Entire environments are provisioned and un-provisioned as part of the lifecycle of a number of stages within the delivery pipeline. The environment information (e.g. IP addresses of nodes etc.) is exported to the execution context and is then available to the configuration management tooling, test infrastructure etc. As a result all servers are considered immutable (see Fowler on Immutable Servers).

A negative side effect of this is that the number of nodes provisioned and un-provisioned in this manner dictates the cycle time of the pipeline.
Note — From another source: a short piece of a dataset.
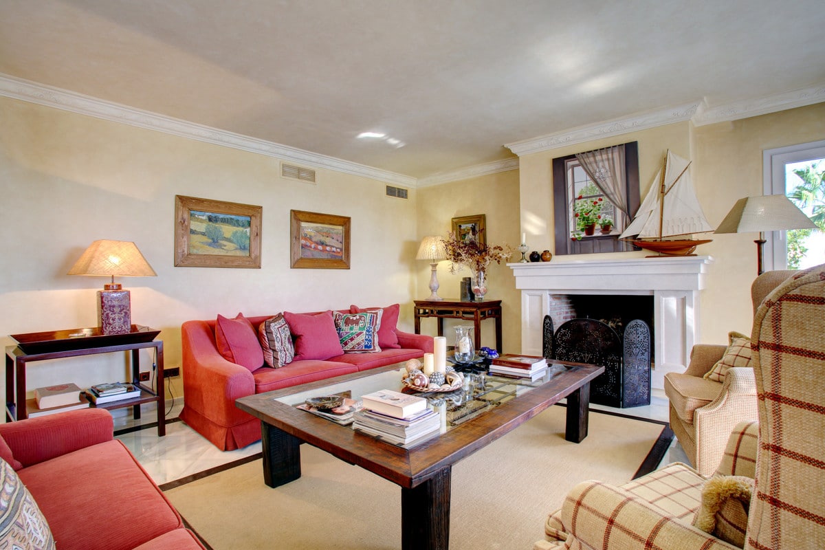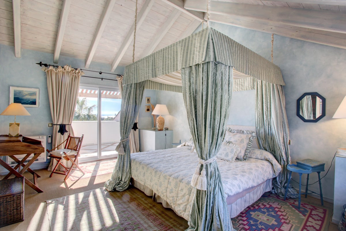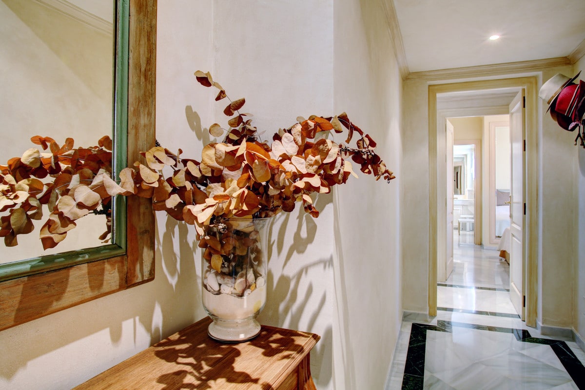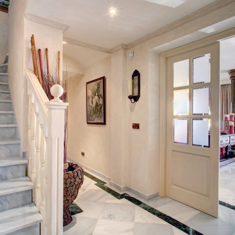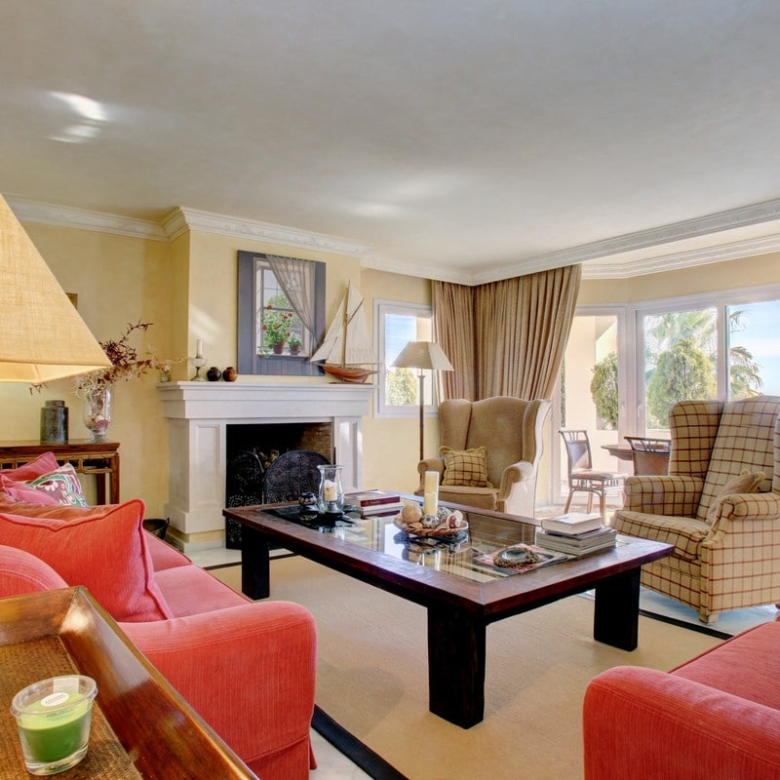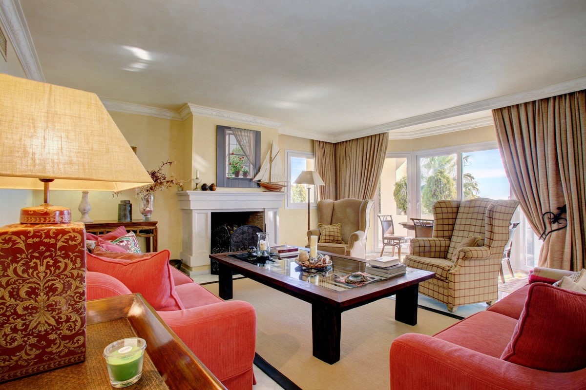 Exceptional four bedroom, south facing duplex penthouse in the exclusive and gated community of Monte Paraiso on the Golden Mile, with 24hr security, several outdoor swimming pools, a bar/restaurant, children’s play area, fully equipped gym, steam room, sauna, squash court, massage room, indoor heated swimming pool and tropical gardens that are maintained to the highest standards. As well as all this it is only a short walk to the famous Puente Romano Hotel and the beach. On the main level is an open plan living and dining area with fireplace and French doors leading out to the large terrace which has amazing panoramic sea views and views of the community; fully fitted kitchen with separate utility room and a small guest/staff suite accessed from the kitchen; two guest suites; and a guest toilet. On the top level is the master suite with vaulted ceilings, a Jacuzzi bath and an area which is currently being used as a salon but could also be used as a dressing room; there is also access from the bedroom to a private terrace which has amazing sea views. Other features include marble floors, hot and cold air conditioning, two parking spaces and a storeroom.

We don’t see this as a problem because we believe in the Single Responsibility principle (i.e. if your deploying lots of nodes to test an application, the application is probably doing too much!).

Shared Services

My fingers are now bleeding so I want to wrap this up, but I can’t finish without tipping my hat to some of the shared services we have evaluated and implemented recently.

The first is Log Aggregation and Log Analytics. Because many of our environments are transient, shipping logs (i.e. aggregation) is really important. Using Logstash for log aggregation has the added advantage that not only does it support aggregation and search but it also supports building dashboards via Kibana to provide additional insight. The PaaS itself uses Kibana in this way.

The second such service is Application Performance Monitoring (APM). In its best form, agents intelligently and dynamically instrument the code to extract monitoring information. This creates great insight during the build, test, deploy and execute phases of the application lifecycle.

I mentioned at the beginning that we saw this initiative as an enabling platform for DevOps. Shared tooling enables DevOps by creating a common language and window onto the application.

Lights out on 2013!

It’s lights out on 2013 and it’s been good to reflect on what has been achieved. It’s been an interesting and challenging year and I’ve been very fortunate to work with a great team on all of the above. Roll on 2014!!

I hope this has been useful and I would love to hear any questions you might have or read about your PaaS or Continuous Delivery story.